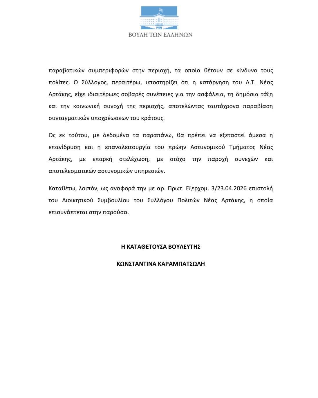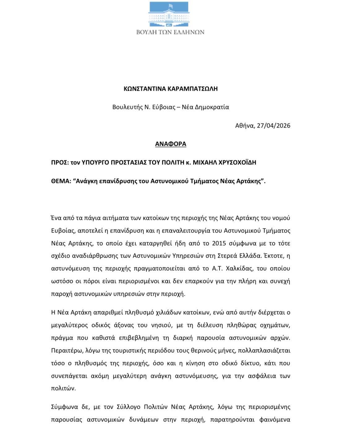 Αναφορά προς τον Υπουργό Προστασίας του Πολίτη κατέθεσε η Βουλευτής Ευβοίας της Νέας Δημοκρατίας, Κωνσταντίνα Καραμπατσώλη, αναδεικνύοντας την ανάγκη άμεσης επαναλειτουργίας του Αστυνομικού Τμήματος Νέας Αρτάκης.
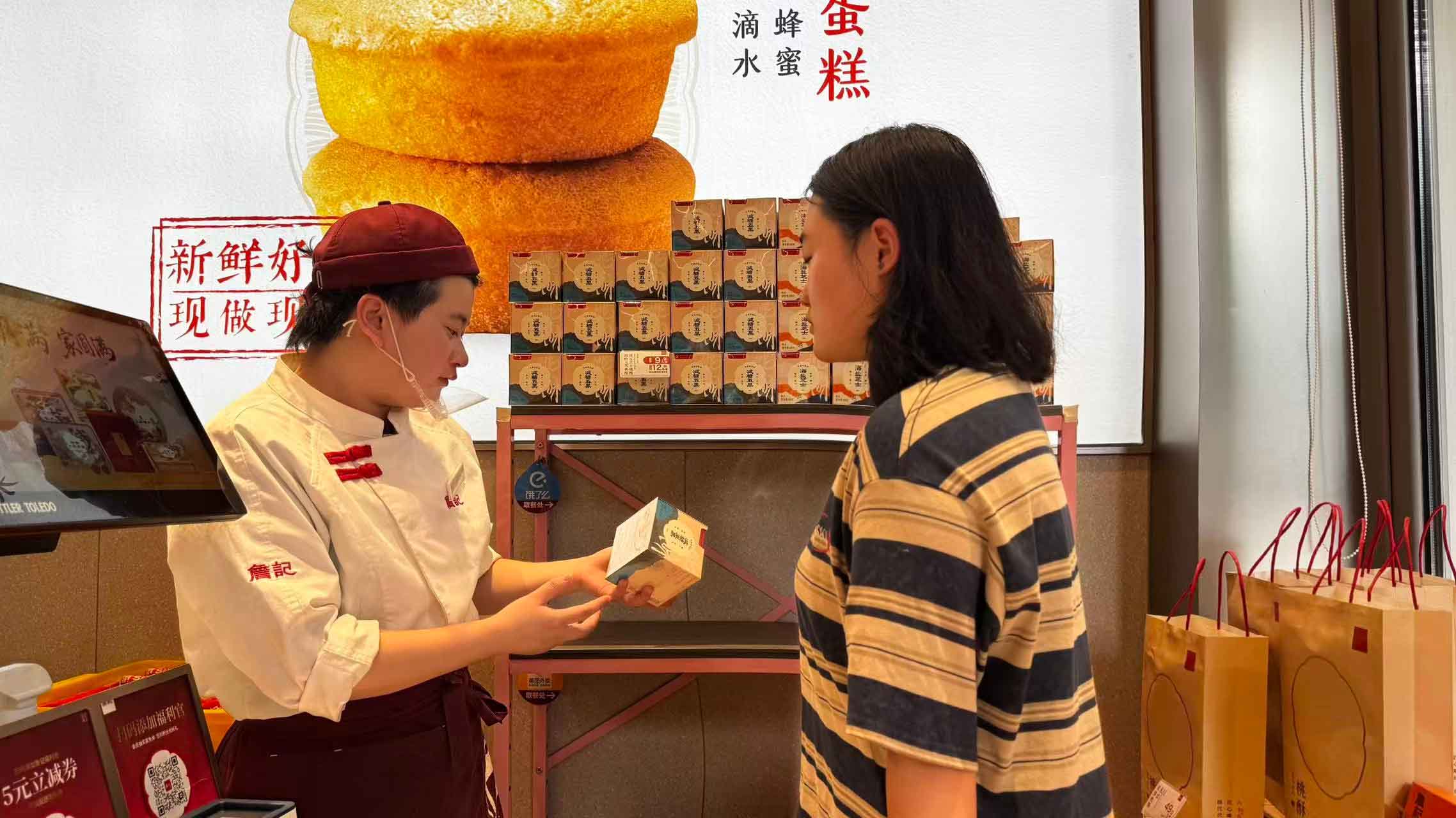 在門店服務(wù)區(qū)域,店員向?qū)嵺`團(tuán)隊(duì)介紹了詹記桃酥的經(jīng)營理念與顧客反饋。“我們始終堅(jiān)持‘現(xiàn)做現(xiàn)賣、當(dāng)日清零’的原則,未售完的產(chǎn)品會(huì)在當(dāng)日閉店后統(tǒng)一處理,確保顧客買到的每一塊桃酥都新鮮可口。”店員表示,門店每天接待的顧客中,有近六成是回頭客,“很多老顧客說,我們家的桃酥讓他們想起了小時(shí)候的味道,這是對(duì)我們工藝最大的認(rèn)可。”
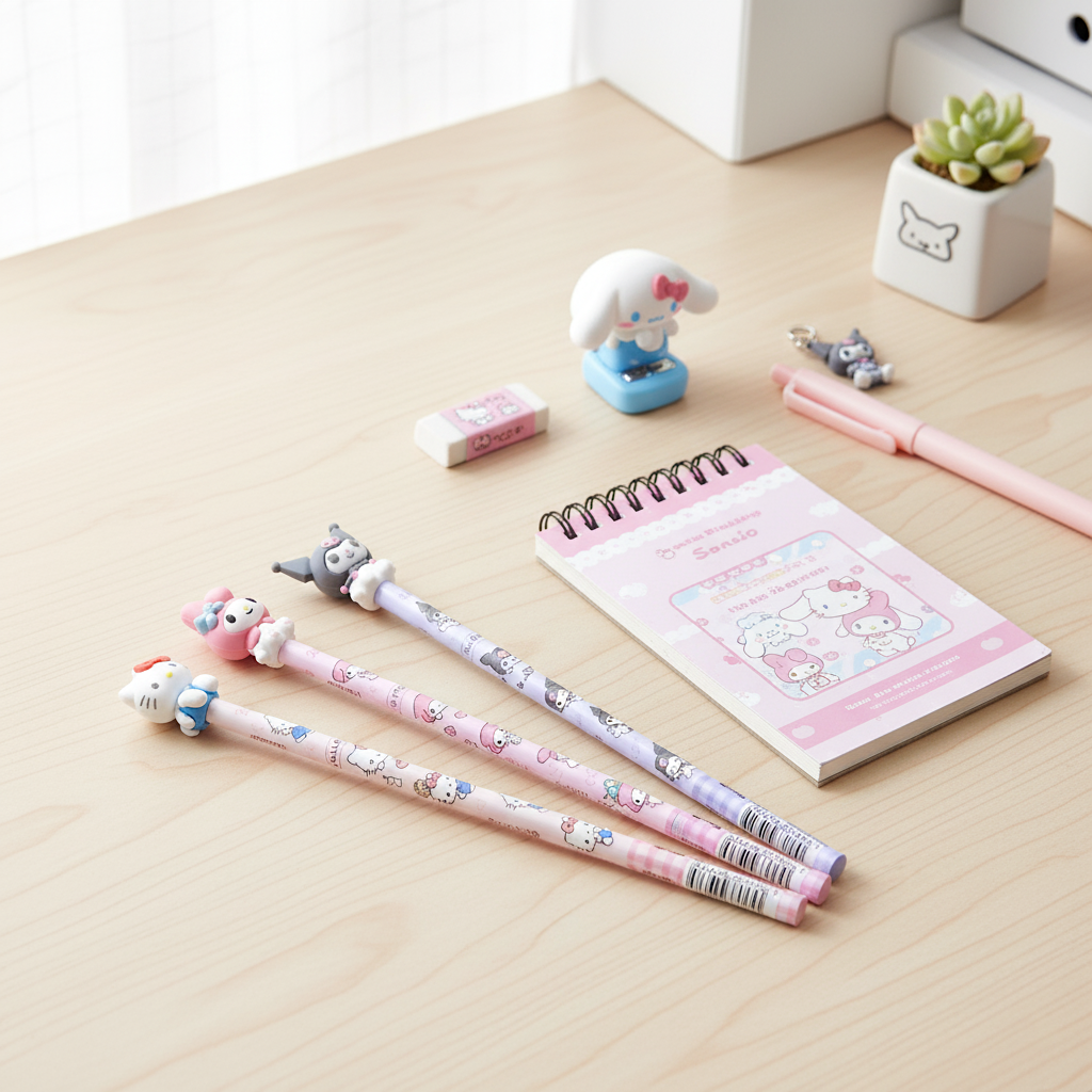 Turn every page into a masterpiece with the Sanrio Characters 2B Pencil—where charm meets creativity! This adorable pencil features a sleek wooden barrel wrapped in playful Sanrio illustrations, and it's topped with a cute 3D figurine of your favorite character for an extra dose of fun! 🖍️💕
··········
- What is expected
Reproduce the whole listing above character for character; pictures do not belong in it.

- Answer to the problem
 Αναφορά προς τον Υπουργό Προστασίας του Πολίτη κατέθεσε η Βουλευτής Ευβοίας της Νέας Δημοκρατίας, Κωνσταντίνα Καραμπατσώλη, αναδεικνύοντας την ανάγκη άμεσης επαναλειτουργίας του Αστυνομικού Τμήματος Νέας Αρτάκης.
 在門店服務(wù)區(qū)域,店員向?qū)嵺`團(tuán)隊(duì)介紹了詹記桃酥的經(jīng)營理念與顧客反饋。“我們始終堅(jiān)持‘現(xiàn)做現(xiàn)賣、當(dāng)日清零’的原則,未售完的產(chǎn)品會(huì)在當(dāng)日閉店后統(tǒng)一處理,確保顧客買到的每一塊桃酥都新鮮可口。”店員表示,門店每天接待的顧客中,有近六成是回頭客,“很多老顧客說,我們家的桃酥讓他們想起了小時(shí)候的味道,這是對(duì)我們工藝最大的認(rèn)可。”
 Turn every page into a masterpiece with the Sanrio Characters 2B Pencil—where charm meets creativity! This adorable pencil features a sleek wooden barrel wrapped in playful Sanrio illustrations, and it's topped with a cute 3D figurine of your favorite character for an extra dose of fun! 🖍️💕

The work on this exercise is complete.